### WHAT TO DO
Data follows below. Repeat exactly the lines between the line holding "[This review was" and the line holding "詳細内容 | 前回好評の特殊イベント!", inclusive, and nothing more; drop pictures.

### EXERCISE DATA
►
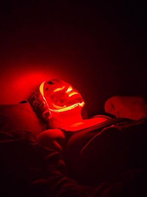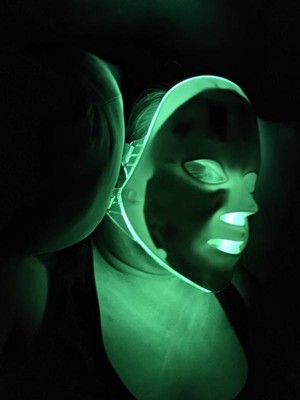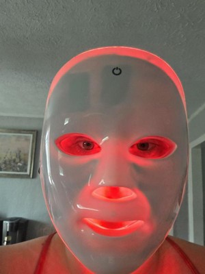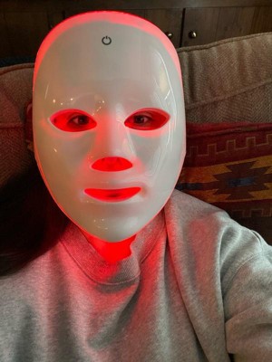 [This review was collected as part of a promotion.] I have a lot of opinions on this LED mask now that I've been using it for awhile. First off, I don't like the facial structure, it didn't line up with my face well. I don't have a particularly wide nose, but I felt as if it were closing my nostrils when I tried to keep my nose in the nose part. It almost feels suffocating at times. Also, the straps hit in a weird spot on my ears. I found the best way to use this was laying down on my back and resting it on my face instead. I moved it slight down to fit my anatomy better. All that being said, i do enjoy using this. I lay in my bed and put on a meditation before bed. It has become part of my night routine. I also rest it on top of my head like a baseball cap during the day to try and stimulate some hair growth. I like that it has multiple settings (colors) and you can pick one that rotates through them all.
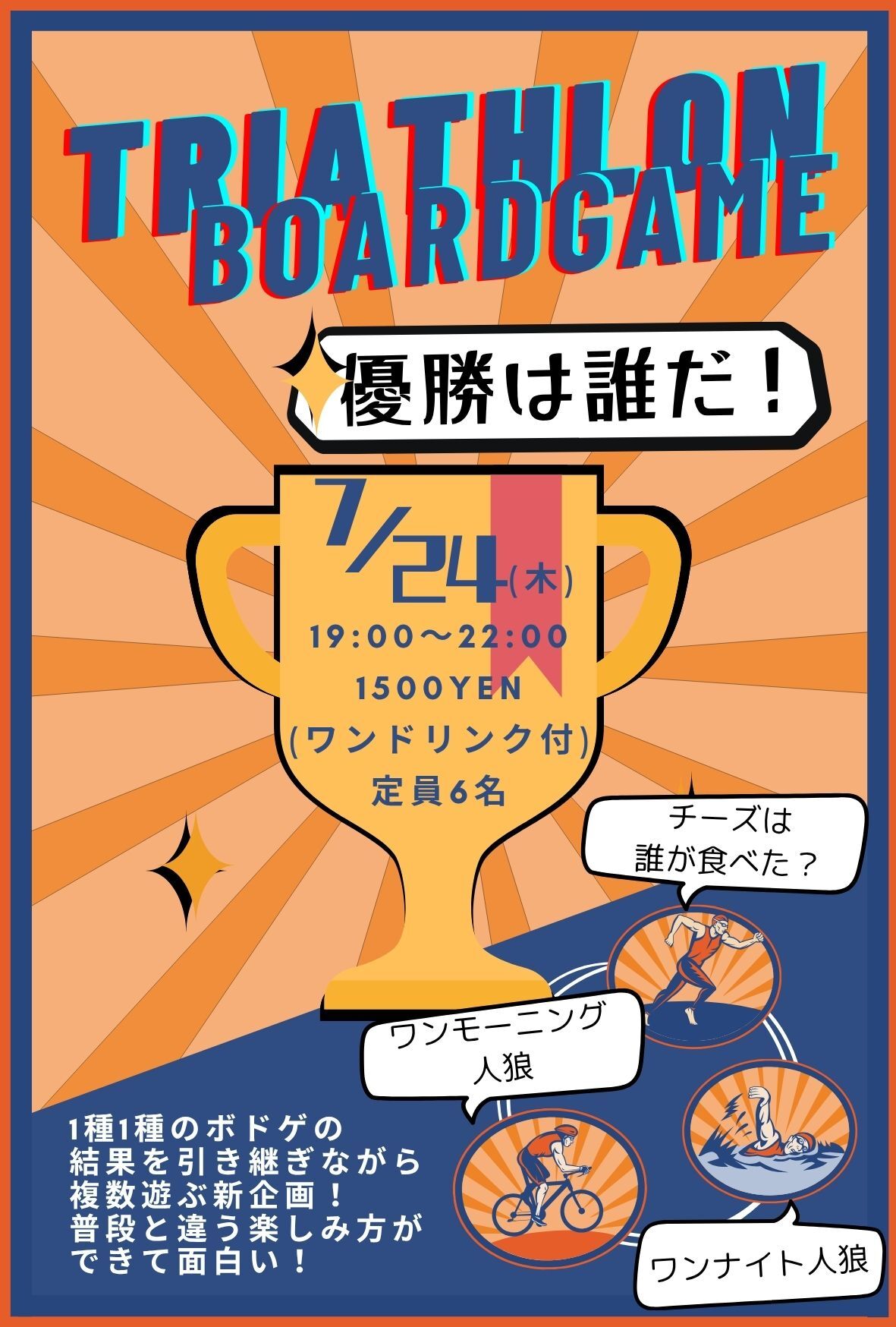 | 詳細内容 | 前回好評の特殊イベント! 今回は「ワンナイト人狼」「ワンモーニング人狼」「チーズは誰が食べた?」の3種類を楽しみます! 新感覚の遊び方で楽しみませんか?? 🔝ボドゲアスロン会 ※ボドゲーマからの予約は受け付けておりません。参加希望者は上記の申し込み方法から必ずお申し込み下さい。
◄
►
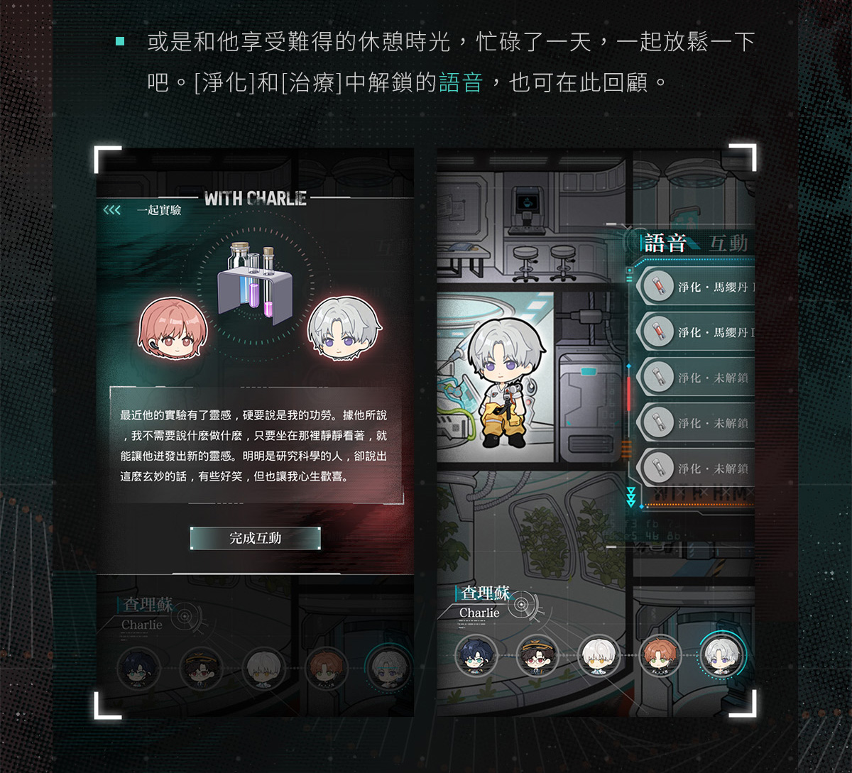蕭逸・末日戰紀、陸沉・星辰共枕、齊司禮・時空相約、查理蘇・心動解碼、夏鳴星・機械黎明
◄
►
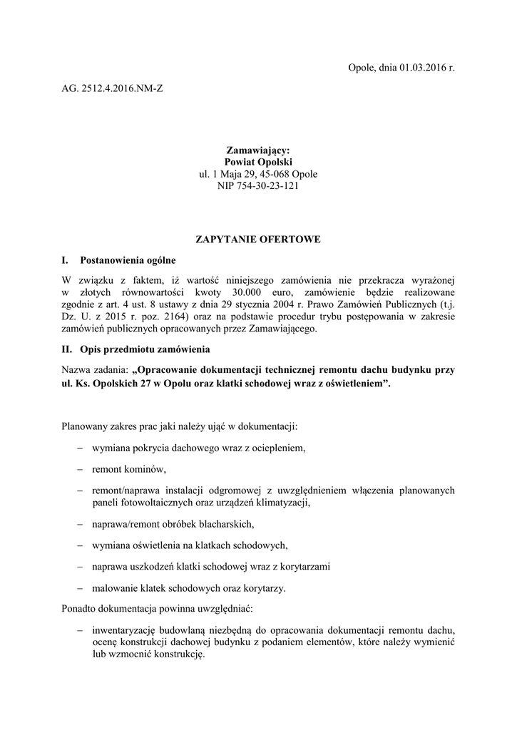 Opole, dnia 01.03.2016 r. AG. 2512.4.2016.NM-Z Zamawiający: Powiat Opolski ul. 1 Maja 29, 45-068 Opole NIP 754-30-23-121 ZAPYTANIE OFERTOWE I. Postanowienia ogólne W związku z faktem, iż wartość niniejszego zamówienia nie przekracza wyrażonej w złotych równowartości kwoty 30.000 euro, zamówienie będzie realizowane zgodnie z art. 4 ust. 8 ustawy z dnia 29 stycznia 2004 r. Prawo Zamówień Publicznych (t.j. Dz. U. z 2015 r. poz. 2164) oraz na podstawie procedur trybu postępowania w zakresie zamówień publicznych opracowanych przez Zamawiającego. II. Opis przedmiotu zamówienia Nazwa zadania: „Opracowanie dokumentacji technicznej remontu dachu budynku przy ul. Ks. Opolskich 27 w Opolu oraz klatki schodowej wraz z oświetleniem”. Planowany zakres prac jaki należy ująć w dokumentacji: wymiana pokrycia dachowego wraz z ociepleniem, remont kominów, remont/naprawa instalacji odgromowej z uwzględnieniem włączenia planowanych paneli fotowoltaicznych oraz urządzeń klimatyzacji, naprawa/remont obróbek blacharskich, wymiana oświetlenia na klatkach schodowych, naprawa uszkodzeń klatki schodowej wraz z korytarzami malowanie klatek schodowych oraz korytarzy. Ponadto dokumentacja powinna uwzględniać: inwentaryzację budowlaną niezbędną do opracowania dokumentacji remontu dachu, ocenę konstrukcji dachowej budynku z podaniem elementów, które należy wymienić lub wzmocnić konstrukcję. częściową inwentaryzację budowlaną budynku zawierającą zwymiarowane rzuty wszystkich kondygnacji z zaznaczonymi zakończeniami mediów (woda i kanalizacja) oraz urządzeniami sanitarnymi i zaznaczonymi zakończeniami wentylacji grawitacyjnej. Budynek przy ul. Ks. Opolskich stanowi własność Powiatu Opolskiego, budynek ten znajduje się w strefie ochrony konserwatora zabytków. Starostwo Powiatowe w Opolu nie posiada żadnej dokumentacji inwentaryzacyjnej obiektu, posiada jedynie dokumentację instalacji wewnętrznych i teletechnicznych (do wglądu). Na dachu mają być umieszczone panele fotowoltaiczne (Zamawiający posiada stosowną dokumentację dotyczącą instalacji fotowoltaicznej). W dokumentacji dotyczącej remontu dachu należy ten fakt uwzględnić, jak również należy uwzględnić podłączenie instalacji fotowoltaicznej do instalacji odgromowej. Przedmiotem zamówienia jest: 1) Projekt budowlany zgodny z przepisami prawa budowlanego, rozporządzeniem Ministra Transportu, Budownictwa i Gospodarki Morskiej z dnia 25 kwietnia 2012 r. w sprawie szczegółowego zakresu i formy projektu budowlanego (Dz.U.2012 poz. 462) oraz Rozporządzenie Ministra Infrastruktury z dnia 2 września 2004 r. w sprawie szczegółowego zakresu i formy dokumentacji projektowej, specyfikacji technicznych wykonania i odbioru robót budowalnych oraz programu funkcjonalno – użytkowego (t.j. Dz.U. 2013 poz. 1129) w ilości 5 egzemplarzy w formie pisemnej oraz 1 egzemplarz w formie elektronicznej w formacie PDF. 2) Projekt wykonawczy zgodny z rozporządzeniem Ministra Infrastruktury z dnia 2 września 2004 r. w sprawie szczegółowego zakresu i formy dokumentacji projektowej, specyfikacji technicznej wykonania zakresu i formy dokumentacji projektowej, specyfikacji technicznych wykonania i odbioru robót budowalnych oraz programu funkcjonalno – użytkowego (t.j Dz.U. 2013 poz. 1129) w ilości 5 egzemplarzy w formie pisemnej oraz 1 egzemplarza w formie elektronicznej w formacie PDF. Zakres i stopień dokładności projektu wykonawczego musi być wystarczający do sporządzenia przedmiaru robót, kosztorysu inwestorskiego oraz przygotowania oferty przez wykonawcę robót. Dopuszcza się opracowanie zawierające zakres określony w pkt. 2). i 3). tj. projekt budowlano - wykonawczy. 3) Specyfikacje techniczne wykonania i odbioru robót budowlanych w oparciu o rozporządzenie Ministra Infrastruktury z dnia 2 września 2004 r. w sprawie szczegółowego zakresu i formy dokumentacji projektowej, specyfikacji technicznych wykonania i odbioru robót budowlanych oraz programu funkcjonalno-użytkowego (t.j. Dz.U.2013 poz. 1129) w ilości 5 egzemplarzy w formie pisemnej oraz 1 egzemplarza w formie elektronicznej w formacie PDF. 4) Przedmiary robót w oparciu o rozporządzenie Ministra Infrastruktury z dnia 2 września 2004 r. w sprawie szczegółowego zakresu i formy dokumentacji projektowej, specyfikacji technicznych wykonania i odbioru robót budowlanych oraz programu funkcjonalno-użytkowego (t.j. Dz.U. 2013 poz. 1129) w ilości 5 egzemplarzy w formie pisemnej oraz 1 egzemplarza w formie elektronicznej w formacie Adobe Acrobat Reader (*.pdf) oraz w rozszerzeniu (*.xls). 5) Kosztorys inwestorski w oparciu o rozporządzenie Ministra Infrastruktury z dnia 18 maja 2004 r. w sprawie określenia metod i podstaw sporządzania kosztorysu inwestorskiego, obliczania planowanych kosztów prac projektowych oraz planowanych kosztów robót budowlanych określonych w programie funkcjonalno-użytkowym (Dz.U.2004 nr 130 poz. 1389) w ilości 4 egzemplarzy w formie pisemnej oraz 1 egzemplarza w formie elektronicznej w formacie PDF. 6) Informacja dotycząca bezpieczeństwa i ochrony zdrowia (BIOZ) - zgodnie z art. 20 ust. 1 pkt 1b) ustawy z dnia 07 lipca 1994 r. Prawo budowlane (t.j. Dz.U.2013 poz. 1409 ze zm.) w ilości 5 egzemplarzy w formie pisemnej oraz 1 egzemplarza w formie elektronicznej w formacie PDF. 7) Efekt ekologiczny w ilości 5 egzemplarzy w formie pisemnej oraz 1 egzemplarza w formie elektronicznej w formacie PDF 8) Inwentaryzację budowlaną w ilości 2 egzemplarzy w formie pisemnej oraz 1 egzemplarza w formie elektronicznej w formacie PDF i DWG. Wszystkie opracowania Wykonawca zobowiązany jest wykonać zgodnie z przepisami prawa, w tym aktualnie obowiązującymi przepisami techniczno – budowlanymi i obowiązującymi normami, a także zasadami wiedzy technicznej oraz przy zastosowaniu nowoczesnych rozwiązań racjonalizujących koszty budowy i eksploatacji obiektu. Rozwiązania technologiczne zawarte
◄
### YOUR RESPONSE
 [This review was collected as part of a promotion.] I have a lot of opinions on this LED mask now that I've been using it for awhile. First off, I don't like the facial structure, it didn't line up with my face well. I don't have a particularly wide nose, but I felt as if it were closing my nostrils when I tried to keep my nose in the nose part. It almost feels suffocating at times. Also, the straps hit in a weird spot on my ears. I found the best way to use this was laying down on my back and resting it on my face instead. I moved it slight down to fit my anatomy better. All that being said, i do enjoy using this. I lay in my bed and put on a meditation before bed. It has become part of my night routine. I also rest it on top of my head like a baseball cap during the day to try and stimulate some hair growth. I like that it has multiple settings (colors) and you can pick one that rotates through them all.
 | 詳細内容 | 前回好評の特殊イベント! 今回は「ワンナイト人狼」「ワンモーニング人狼」「チーズは誰が食べた?」の3種類を楽しみます! 新感覚の遊び方で楽しみませんか?? 🔝ボドゲアスロン会 ※ボドゲーマからの予約は受け付けておりません。参加希望者は上記の申し込み方法から必ずお申し込み下さい。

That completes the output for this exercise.